We’ve already seen users rely on it for troubleshooting and support-style questions—before we had even written about it—because they can trust the references and follow them into the docs.

Challenges we solved with this agent

Running a docs agent well comes with a few realities we’ve designed for:
  • Multimodal content — Documentation often has important information in images (diagrams, screenshots, UI). Our pipeline handles multimodal content state-of-the-art: we parse and index both text and images so the agent can retrieve and use information from figures, screenshots, and diagrams, not just body text.
  • Keeping the agent up to date — Docs change many times a day. The agent must stay in sync with the latest content. You can do that with Contextual AI connectors (e.g. Confluence, SharePoint, Google Drive), or—for GitHub-backed docs—with the code we wrote and share: datastore-sync. It syncs your repo (and optionally your website) into a Contextual AI datastore via webhooks and incremental updates so the agent always has fresh content.
  • Citations — As above: citations aren’t just for trust; they let users open the source and read the full doc after the initial response.
  • Repo vs. web: Unlike searching docs via the web, our documentation lives in our GitHub repo and we sync only what’s published (e.g. pages in nav, docs.json). We may have outdated or unlisted pages in the repo that still exist but aren’t findable on the site—our agent won’t surface those, because they’re not in the synced datastore. LLMs that use web search can sometimes surface those older or hidden pages; our agent deliberately reflects only the docs we publish, so answers stay aligned with what we actually ship.

How it works

  1. Your documentation as data: These docs are ingested into a Contextual AI datastore, chunked and indexed. They’re kept in sync so when content is updated, the agent has the latest info (here, via sync code we share; see below).
  2. Keyword search + agent: Mintlify’s built-in search returns keyword-based results immediately. The agent then runs the Agentic Search template—multi-turn research over the datastore—and streams a response with citations and a References section.
  3. Grounded generation: Answers are generated only from the research step, with citations in [n]() format and links to the documentation URLs.

Try it

Use the search bar at the top and ask a question about Contextual AI.
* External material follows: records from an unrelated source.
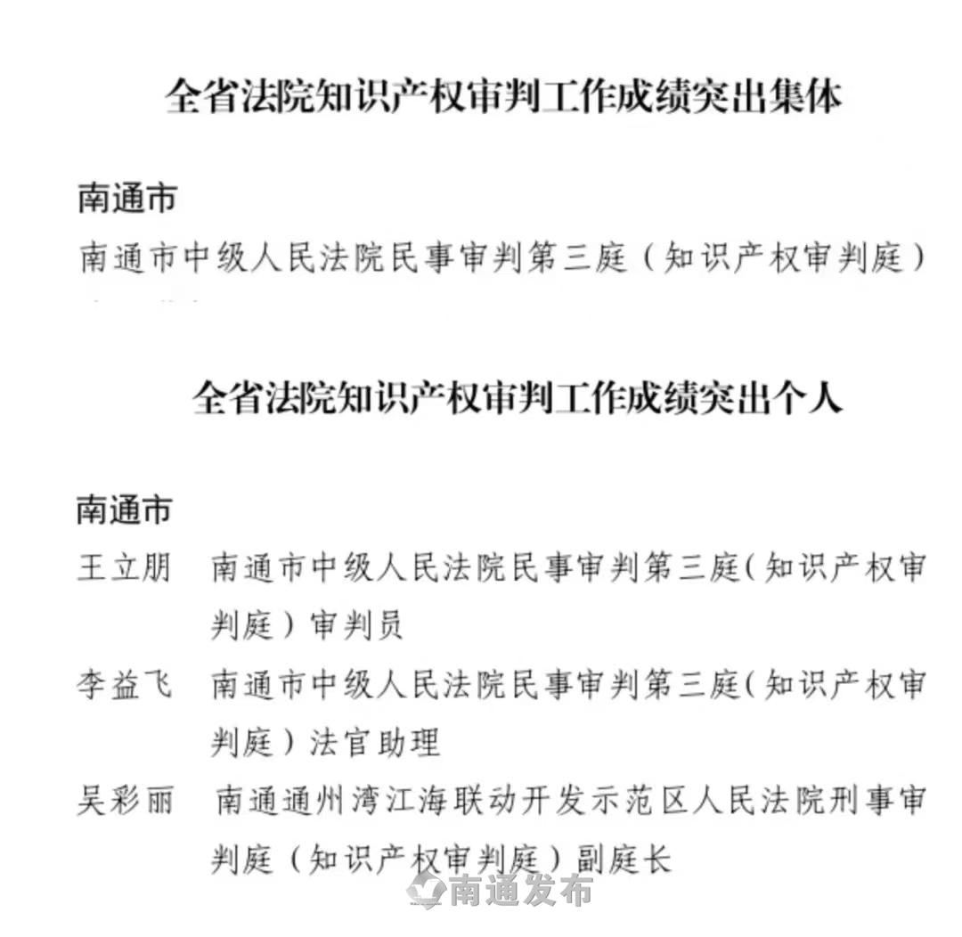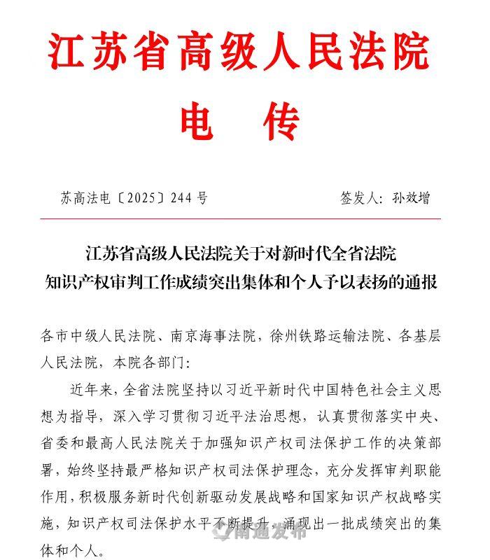 知识产权司法保护赋能高质量发展丨南通法院一集体、多人获省高院通报表扬
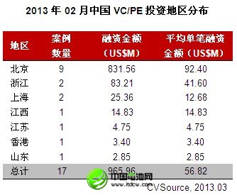 受春节假期影响,2013年2月份中国VC/PE市场活跃度出现明显下滑。募资方面,仅3支基金募资完成,募资金额仅为10亿元;投资方面,披露VC、PE投资案例共计17起,相比上个月下降50%;如不考虑京东商城7亿美元巨额融资案例,投资规模也同样大幅下滑。考虑到目前宏观经济回暖缓慢、A股及美股市场IPO窗口持续关闭,预计短期内VC/PE募资及投资活跃度均不会出现明显增长。
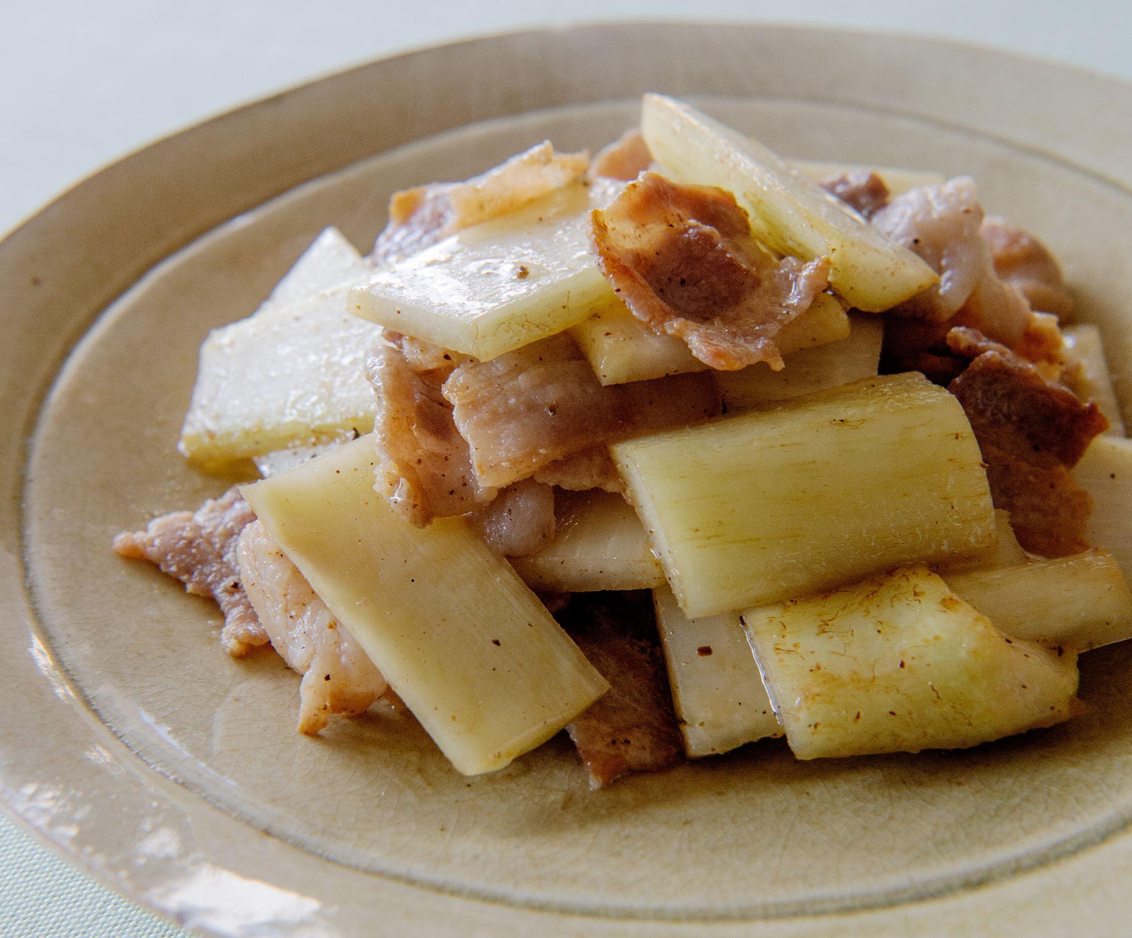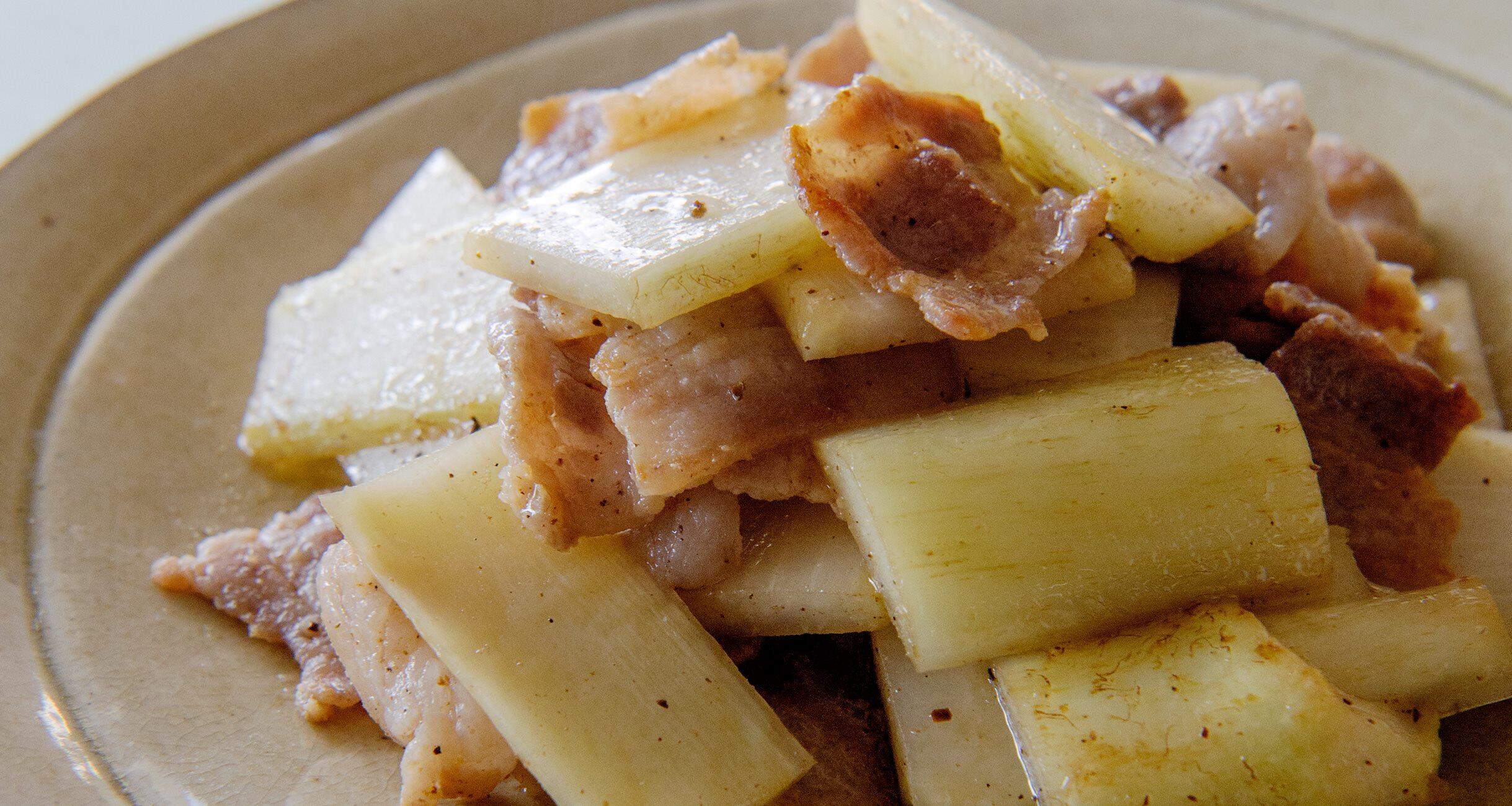 シンプルに塩、胡椒の味つけにすると、うどの風味が引き立ちます。香りのよい皮はむかず、そのまま使うのがポイント。豚バラ肉のまろやかな脂を全体にからませて。塩味をつくる塩、醤油、味噌の3つを軸に、余分な調味料を省いた「これで決まり」の引き算料理を料理研究家の大庭英子さんに教えてもらいました。
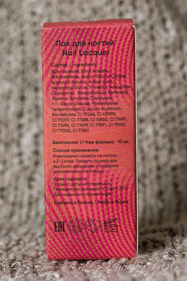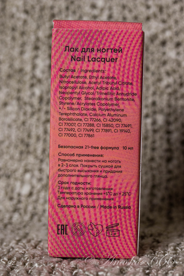 Наносить лак одно удовольствие: ни полос, ни плешей (кроме первого слоя, но даже там неоднородность видна больше на просвет). Сохнет не очень быстро, если нанести топ слишком рано лак может подстянуться с кончиков, но это происходит с большинством лаков, если топ-сушку наносить прям сразу. На мне лак держиться дней 5, и для меня это очень приличная стойкость покрытие мне как правило надоедает дня за два...

Build your own: sync + agent

We share the building blocks so you can run a documentation agent on your own content.

datastore-sync

Open-source repo that keeps a Contextual AI datastore in sync with your docs (and optionally your website). We use it for this site: ContextualAI/datastore-sync.
  • GitHub docs sync: Automatically syncs MDX/MD and OpenAPI specs from a GitHub repo (e.g. Mintlify docs). Incremental sync (commit SHAs, tree diffs), published-content filtering via docs.json, and OpenAPI parsing into per-endpoint markdown with human-readable URLs. Compiles MDX to clean PDFs before ingestion for better RAG quality.
  • Website sync (optional): Firecrawl-based sync for other website content, with sitemap crawling and diffing (agent using this section coming soon)
  • State: Redis-backed state (or local JSON in dev); Vercel-ready with webhook endpoints (e.g. POST /sync/github for GitHub push events).
Use it to feed an agent with your published documentation so it stays up to date as you push changes.